[[ Source records open ]]

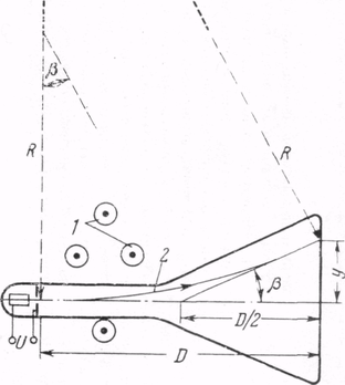 С помощью равенства (7) можно рассчитать то отклонение у, которое испытывает электродный луч в трубке Брауна при действии магнитного поля (например, магнитного поля земли). Как видно из рис. 4, для малых отклоняющих углов (малые у) справедливо соотношение
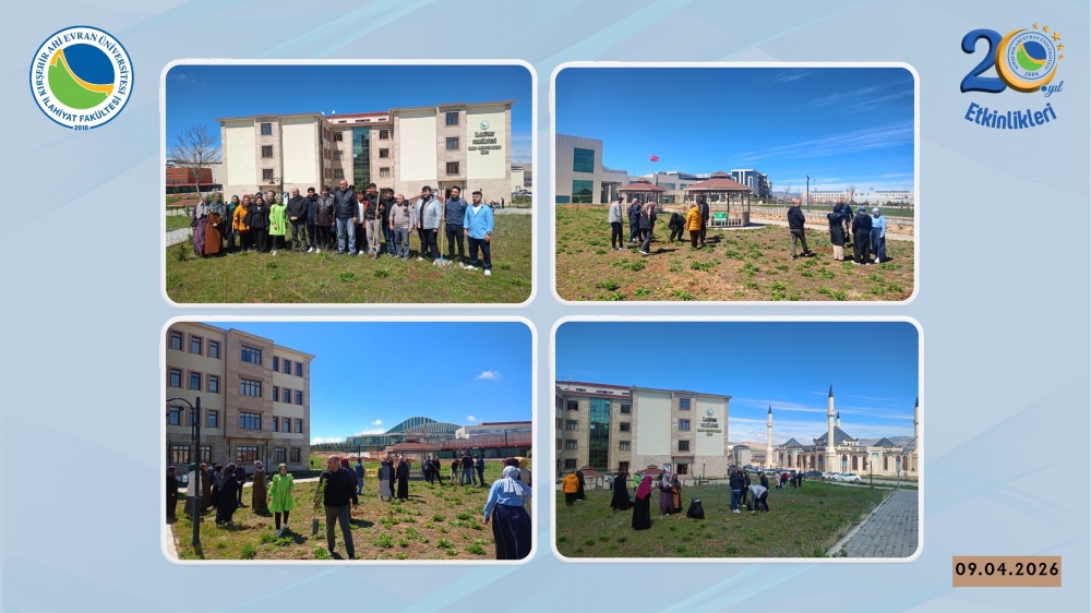 Üniversitemiz 20. Kuruluş Yıldönümü kapsamında çevre güzelleştirilmesi için Fakültemiz bahçelerini ağaçlandırmaya yönelik faaliyet gerçekleştirildi. Dekanımız, idari personel ve öğrencilerimiz iş birliği ile Fakültemizin ön ve arka bahçesinde doğaya sahip çıkmak vurgusu ile fidanlar dikildi.
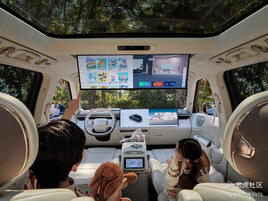 智能座舱上,领克900搭载与魅族联合研发的LYNK Flyme Auto智能座舱系统,以高通骁龙双8295芯片构建算力天花板,驱动30英寸6K一体式主屏、后排30英寸6K悬浮式娱乐屏及95英寸AR-HUD等“八屏互联”,支持跨屏无界流转与手机投屏。独创的3D可视化交互界面与毫秒级响应速度,树立智能座舱流畅度新标杆。分屏功能,让一块大屏能够满足更多家人需求,搭配TÜV莱茵低蓝光护眼认证以及隔空手势,全员无忧共享影音娱乐。
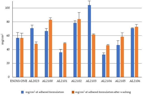 After the washing of the formulations in water and the subsequent tilting, some formulations maintained the exact same weight, which indicates that they are able to resist to the washing effect (Esoxx One, AL2102, and AL2106). Some other formulations lose some of their weight after washing (AL2023 and AL2103), indicating that they cannot offer sufficient resistance toward the washing action. Finally, formulations AL2100, AL2101, AL2104, and AL 2105 gained weight after washing; since this phenomenon was due to the formulations’ ability to absorb water, this result must be considered to be negative: by absorbing too much water, these formulations could, in fact, even absorb the gastric reflux.
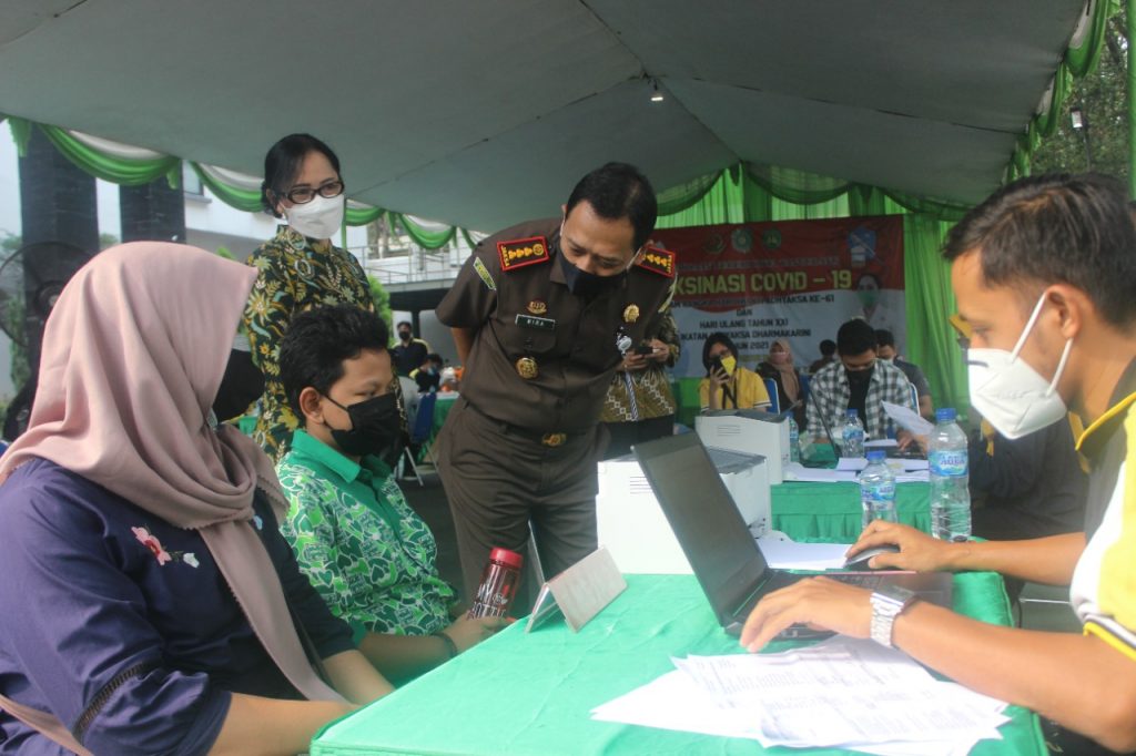 Kajari Kota Tangerang didampingi Ketua IAD Daerah Kota Tangerang setia menunggui dan memantau jalannya proses vaksinasi dari awal sampai dengan berakhirnya kegiatan tersebut.
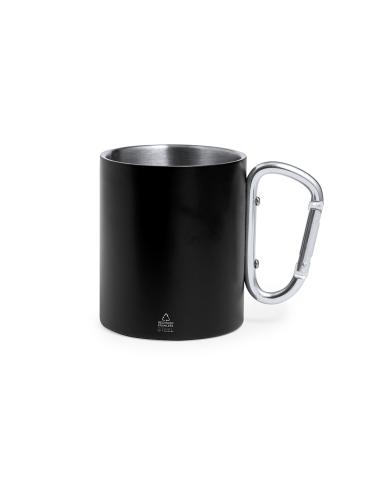 Taza doble pared en Acero Inox Reciclado de 300 ml. Con asa en forma de mosquetón para fácil transporte y cuerpo en variados colores mate. Presentada en caja de diseño kraft.El acero es uno de los materiales más demandados y que puede encontrarse casi en todas partes, desde productos de uso diario a grandes construcciones. Con innumerables propiedades, entre las que cabe destacar la durabilidad y su alto grado de reutilización, convirtiéndolo en una alternativa muy valorada en soluciones de sostenibilidad. Debidamente tratado, permite obtener nuevos recursos de infinita utilización.

[[ Source records closed ]]

None of the pictures should appear; repeat the records exactly otherwise.

**Written answer:**
 С помощью равенства (7) можно рассчитать то отклонение у, которое испытывает электродный луч в трубке Брауна при действии магнитного поля (например, магнитного поля земли). Как видно из рис. 4, для малых отклоняющих углов (малые у) справедливо соотношение
 Üniversitemiz 20. Kuruluş Yıldönümü kapsamında çevre güzelleştirilmesi için Fakültemiz bahçelerini ağaçlandırmaya yönelik faaliyet gerçekleştirildi. Dekanımız, idari personel ve öğrencilerimiz iş birliği ile Fakültemizin ön ve arka bahçesinde doğaya sahip çıkmak vurgusu ile fidanlar dikildi.
 智能座舱上,领克900搭载与魅族联合研发的LYNK Flyme Auto智能座舱系统,以高通骁龙双8295芯片构建算力天花板,驱动30英寸6K一体式主屏、后排30英寸6K悬浮式娱乐屏及95英寸AR-HUD等“八屏互联”,支持跨屏无界流转与手机投屏。独创的3D可视化交互界面与毫秒级响应速度,树立智能座舱流畅度新标杆。分屏功能,让一块大屏能够满足更多家人需求,搭配TÜV莱茵低蓝光护眼认证以及隔空手势,全员无忧共享影音娱乐。
 After the washing of the formulations in water and the subsequent tilting, some formulations maintained the exact same weight, which indicates that they are able to resist to the washing effect (Esoxx One, AL2102, and AL2106). Some other formulations lose some of their weight after washing (AL2023 and AL2103), indicating that they cannot offer sufficient resistance toward the washing action. Finally, formulations AL2100, AL2101, AL2104, and AL 2105 gained weight after washing; since this phenomenon was due to the formulations’ ability to absorb water, this result must be considered to be negative: by absorbing too much water, these formulations could, in fact, even absorb the gastric reflux.
 Kajari Kota Tangerang didampingi Ketua IAD Daerah Kota Tangerang setia menunggui dan memantau jalannya proses vaksinasi dari awal sampai dengan berakhirnya kegiatan tersebut.
 Taza doble pared en Acero Inox Reciclado de 300 ml. Con asa en forma de mosquetón para fácil transporte y cuerpo en variados colores mate. Presentada en caja de diseño kraft.El acero es uno de los materiales más demandados y que puede encontrarse casi en todas partes, desde productos de uso diario a grandes construcciones. Con innumerables propiedades, entre las que cabe destacar la durabilidad y su alto grado de reutilización, convirtiéndolo en una alternativa muy valorada en soluciones de sostenibilidad. Debidamente tratado, permite obtener nuevos recursos de infinita utilización.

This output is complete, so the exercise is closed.